§ Excerpts from a dataset:
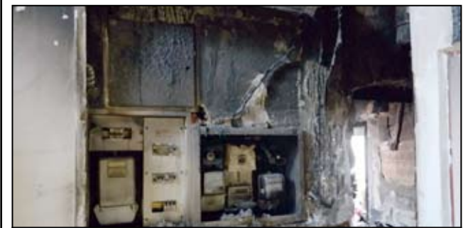
Wyposażenie pomieszczeń objętych pożarem uległo całkowitemu zniszczeniu.

Wszystkich, którzy są w stanie pomóc ofiarom pożaru w Żarowie prosimy o dokonanie dobrowolnych wpłat na rachunek bankowy Żarowskiego Stowarzyszenia „Edukacja”:
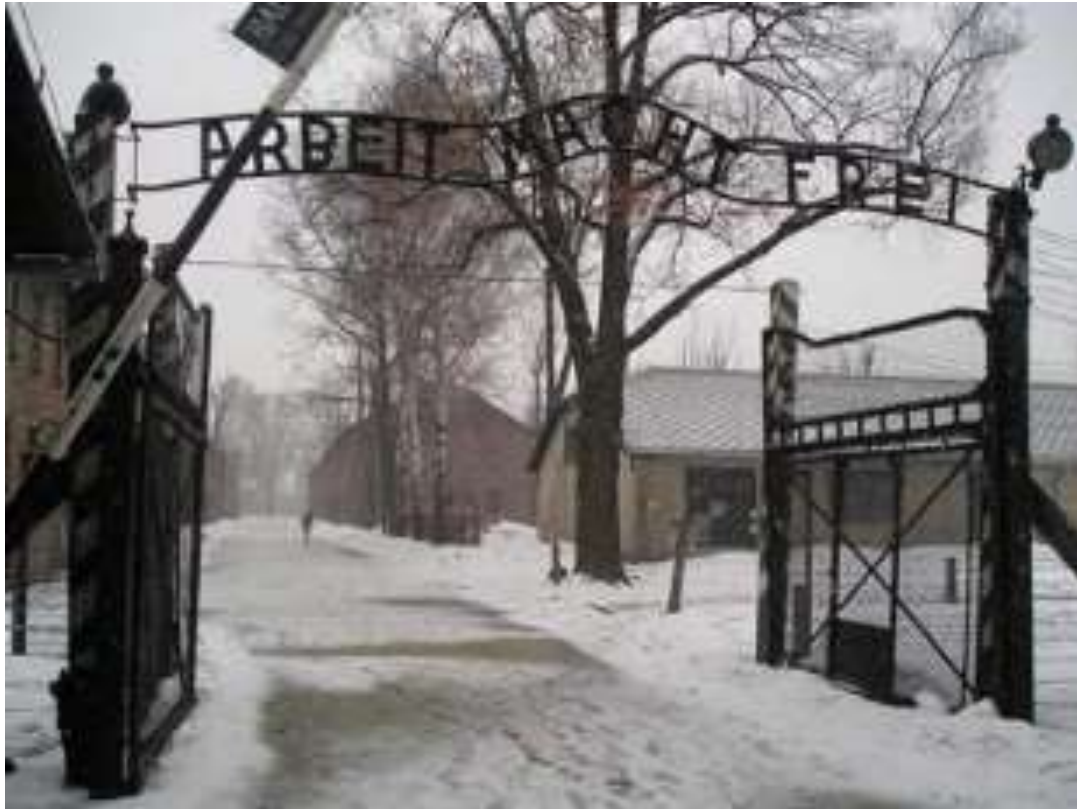
Entrée du camp de concentration d'Auschwitz.

L'inscription au-dessus de l'entrée « Arbeit macht frei » signifie « le travail rend libre ».
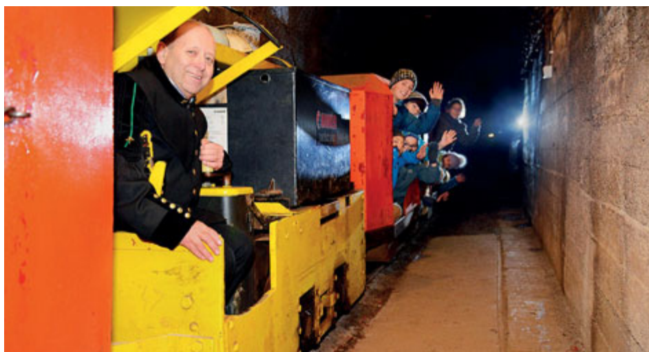
Vyhledávanou atrakcí jsou jízdy důlním vláčkem.

Z hlediska dějinného vývoje se Příbramsko může pyšnit tím, že hrálo v hornické činnosti
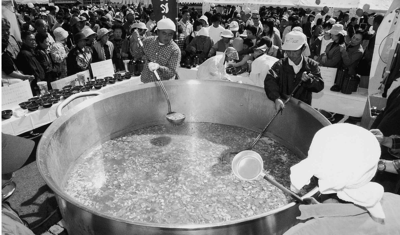
5,000人のコンニャク鍋は3時間でからっぽに

§ ABOUT THIS EXERCISE: Repeat the data verbatim, excluding all pictures.

§ SOLUTION:
Wyposażenie pomieszczeń objętych pożarem uległo całkowitemu zniszczeniu.

Wszystkich, którzy są w stanie pomóc ofiarom pożaru w Żarowie prosimy o dokonanie dobrowolnych wpłat na rachunek bankowy Żarowskiego Stowarzyszenia „Edukacja”:
Entrée du camp de concentration d'Auschwitz.

L'inscription au-dessus de l'entrée « Arbeit macht frei » signifie « le travail rend libre ».
Vyhledávanou atrakcí jsou jízdy důlním vláčkem.

Z hlediska dějinného vývoje se Příbramsko může pyšnit tím, že hrálo v hornické činnosti
5,000人のコンニャク鍋は3時間でからっぽに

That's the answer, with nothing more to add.